Thanks @wilstdu for reporting this.
I looked for changes in v0.55 that could have caused this change in behaviour, but nothing stood out for me.
@vdemeester @imjasonh do you have any idea about what might have broken this behaviour?

@vdemeester
Copy link
Member

Essentially, the pipeline controller pod doesn't have the rights to fetch the images — really the image configuration — not the entrypoint.

@wilstdu what previous version was it working ? 0.54, or even previously ? Also, does it still not work with 0.56 or 0.57 ?

@wilstdu
Copy link
Contributor Author

wilstdu commented Feb 22, 2024

@vdemeester, I was upgrading Tekton pipelines from v0.44.0 to v0.56.1.
I checked multiple Tekton Pipeline versions in between, and the last working one was 0.54, with 0.55 entry point retrieval no longer works. The only different thing in my setup was tekton-pipelines pod running different version - everything else stayed the same.

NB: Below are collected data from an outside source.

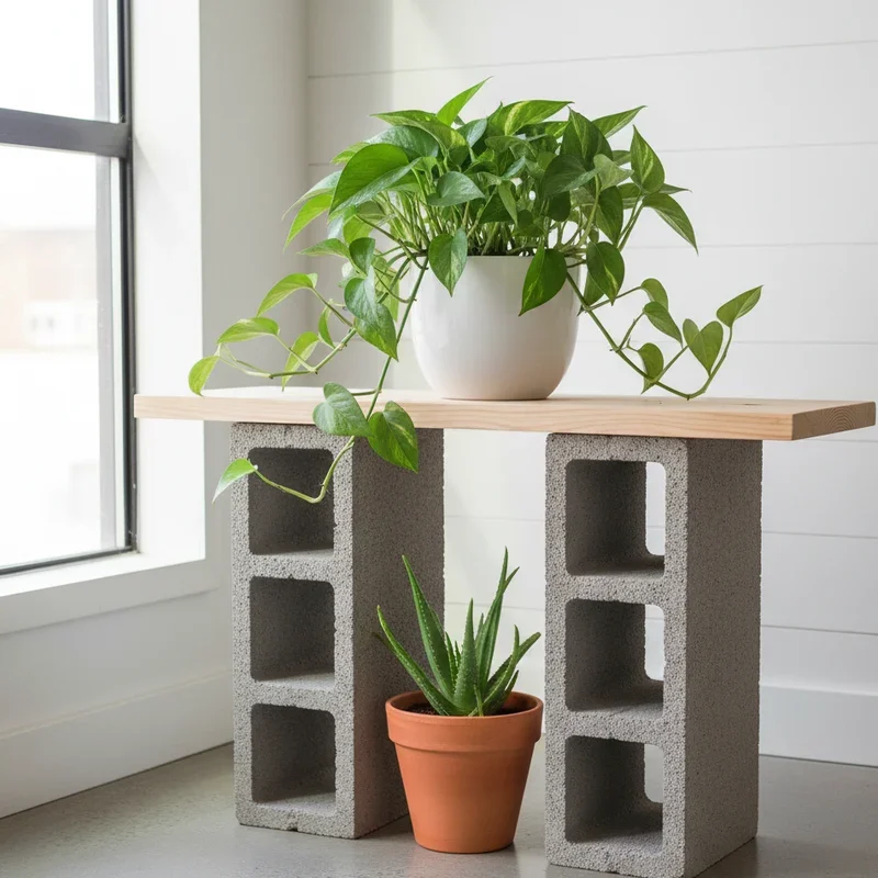 Sometimes the simplest solutions pack the biggest punch! Concrete blocks and wooden boards create an instantly customizable plant stand system. Stack blocks at various heights, slide boards between them, and voila! You've got a modern, industrial display. The beauty lies in its flexibility; rearrange whenever you want a new look. Paint blocks in bold colors or leave them raw for that brutalist aesthetic. Use reclaimed wood for warmth or sleek painted boards for a contemporary feel. This system grows with your plant collection; just add more blocks and boards. Create stepped displays for visual interest or keep everything uniform for minimalist appeal. Each block costs about two dollars, making this incredibly budget-friendly. The weight provides stability for larger plants while the modular nature means you're never locked into one configuration.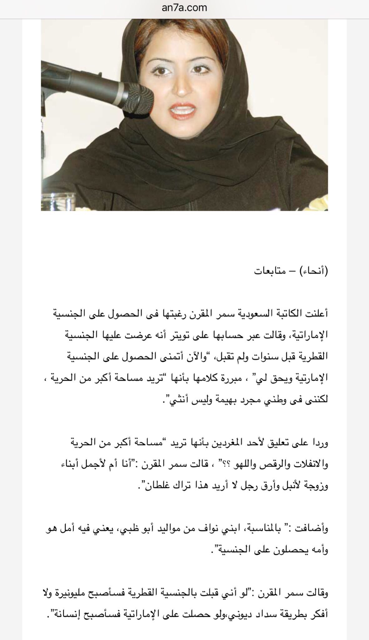 بـيـبـه العتيبي On Twitter سمر المقرن اللي تم عرض الجنسية القطريه عليها وزعلانه انها ضيعتها ليه تم عرض الجنسية القطرية ع سمر تحديدا Https T Co O260agyam6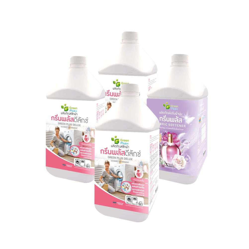 กรีนพลัส น้ำยาซักผ้า 3.8 ลิตร x 3 แกลลอน [แถมน้ำยาปรับผ้านุ่มไวโอเลตซอฟท์ 3.8 ลิตร 1 แกลลอน]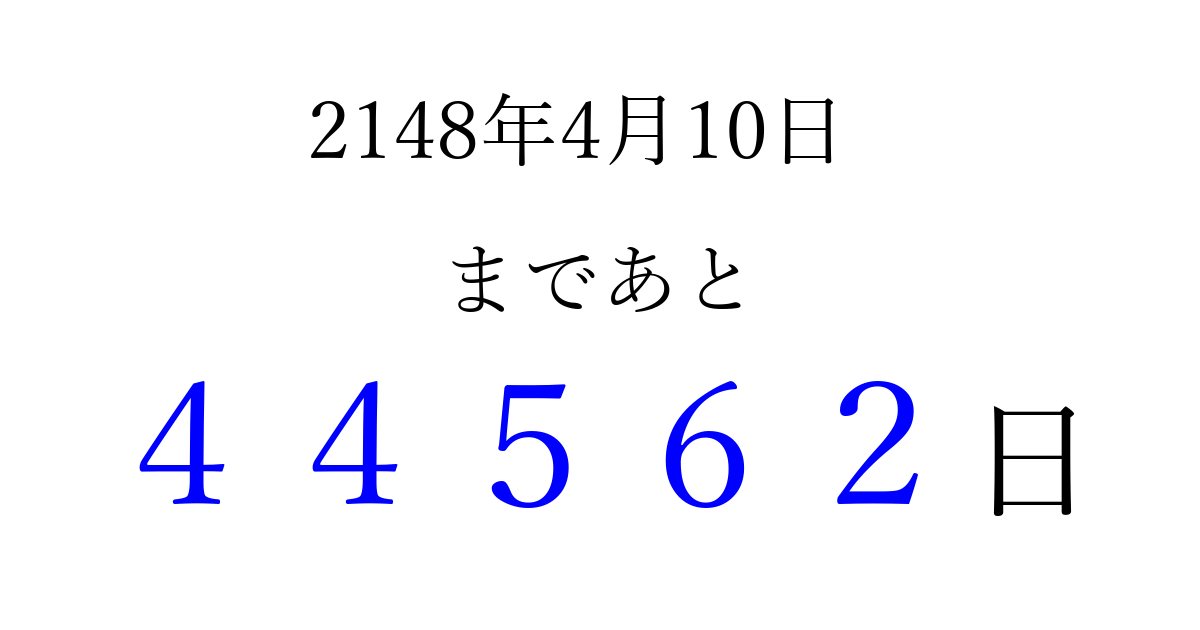 2148年4月10日(水)まで あと 99999 日です 追加すると、トップページからすぐ選べるようになります ※2026/04/08現在の結果です。 最新の状態に更新する ↓シェアして、タイムライン上にカウントダウンを表示しよう!↓ 📤 この結果を共有する Tweet シェア Threads Bluesky 別の日付でカウントダウン 2148年4月のカレンダー このページをブックマークに追加すると、いつでもカウントダウンを確認できます。 (PC: Ctrl+D / Mac: ⌘+D) hitome-notes.comでは以下のページも運営しています。 指定日と期間から日付を計算 | ガチャ確率計算・シミュレーション | プライバシー・ポリシー 運営者:Avocado

It doesn't work with 0.56, nor with 0.57.

@vdemeester
Copy link
Member

@wilstdu interesting 🤔

So, they way the pipeline controller work (in that part) is that it's taking we are taking the imagePullSecrets from the service account attached to the pipelinerun and the imagePullSecrets from the podTemplate (taskRun.Spec.ServiceAccountName, podTemplate.ImagePullSecrets in code) as well as some amazon (or other cloud) specifics (the "cloud-specific" part comes from go-containerregistry really – and I am not familiar at all of what it does). Nothing in that part of the code changed synced 2022, so either something changed in go-containerregistry, or something else weird is happening 🤔

@afrittoli
Copy link
Member

I also thought that maybe it was go-containerregistry, but there was no version change between v0.54 and v0.55:

➜ git diff v0.54.0..v0.55.0 -- go.mod | grep containerreg
 	github.com/google/go-containerregistry v0.16.1
 	github.com/google/go-containerregistry/pkg/authn/k8schain v0.0.0-20230625233257-b8504803389b
 	github.com/google/go-containerregistry/pkg/authn/kubernetes v0.0.0-20230516205744-dbecb1de8cfa

@vdemeester
Copy link
Member

vdemeester commented Feb 22, 2024

@afrittoli yeah, that's what make me wonder what the hell is happening here 🙃 There is changes in the "indirect" dependencies from aws/ecr.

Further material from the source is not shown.